> [REQUIRED ACTION]
All of the lines below need to be copied exactly, apart from the pictures.

> [THE DATA]
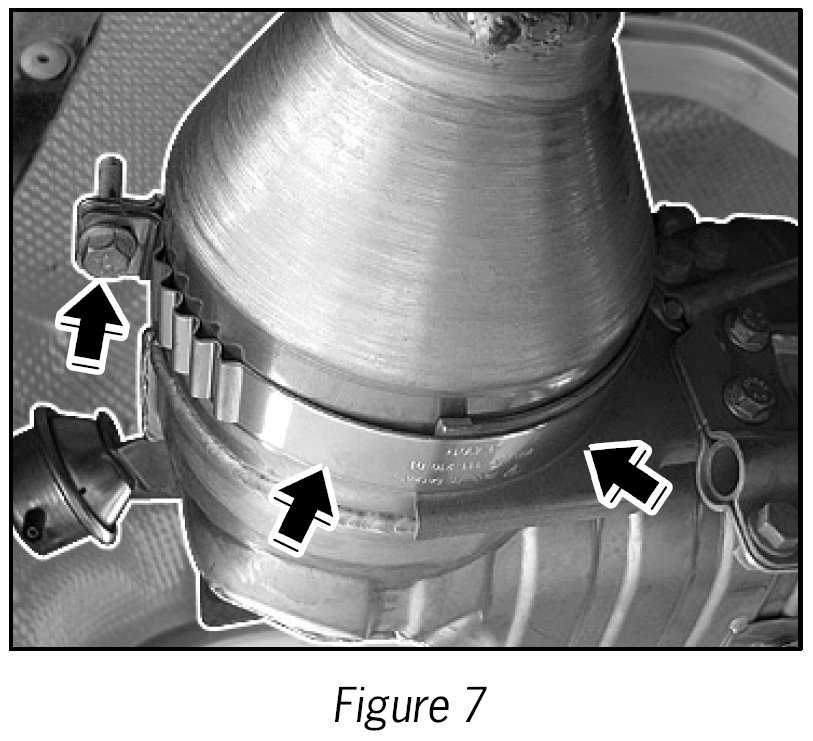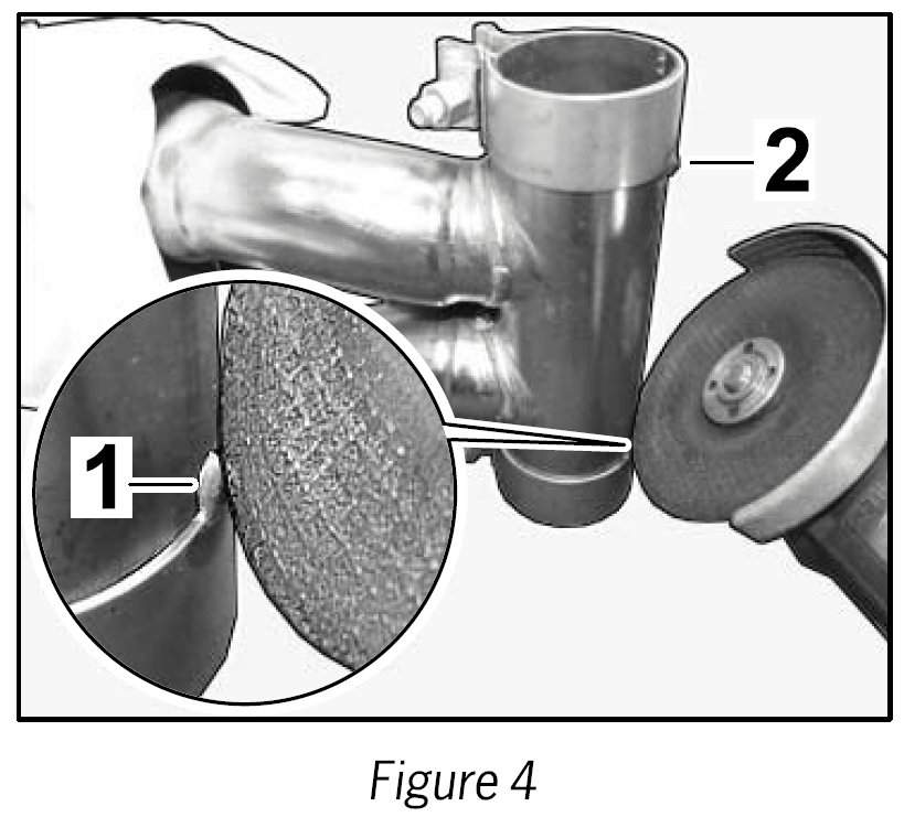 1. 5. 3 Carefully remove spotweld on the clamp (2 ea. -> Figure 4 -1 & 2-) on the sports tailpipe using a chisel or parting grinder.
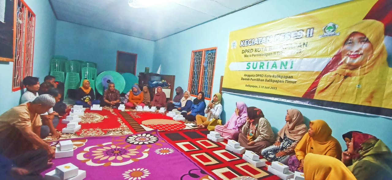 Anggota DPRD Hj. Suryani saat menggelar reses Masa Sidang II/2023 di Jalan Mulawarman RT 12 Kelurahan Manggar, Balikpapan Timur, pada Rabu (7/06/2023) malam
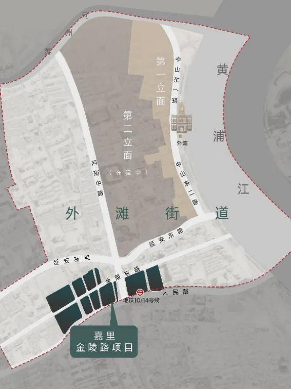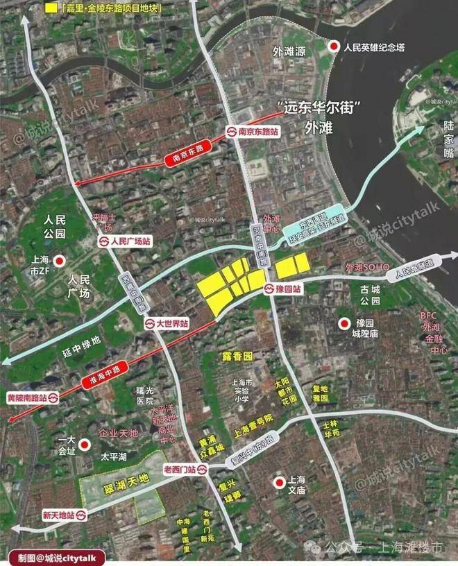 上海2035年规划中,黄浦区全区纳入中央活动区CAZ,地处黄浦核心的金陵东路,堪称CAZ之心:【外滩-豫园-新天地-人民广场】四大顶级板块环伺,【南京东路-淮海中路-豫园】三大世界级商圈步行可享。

> [RESULT BELOW]
 1. 5. 3 Carefully remove spotweld on the clamp (2 ea. -> Figure 4 -1 & 2-) on the sports tailpipe using a chisel or parting grinder.
 Anggota DPRD Hj. Suryani saat menggelar reses Masa Sidang II/2023 di Jalan Mulawarman RT 12 Kelurahan Manggar, Balikpapan Timur, pada Rabu (7/06/2023) malam
 上海2035年规划中,黄浦区全区纳入中央活动区CAZ,地处黄浦核心的金陵东路,堪称CAZ之心:【外滩-豫园-新天地-人民广场】四大顶级板块环伺,【南京东路-淮海中路-豫园】三大世界级商圈步行可享。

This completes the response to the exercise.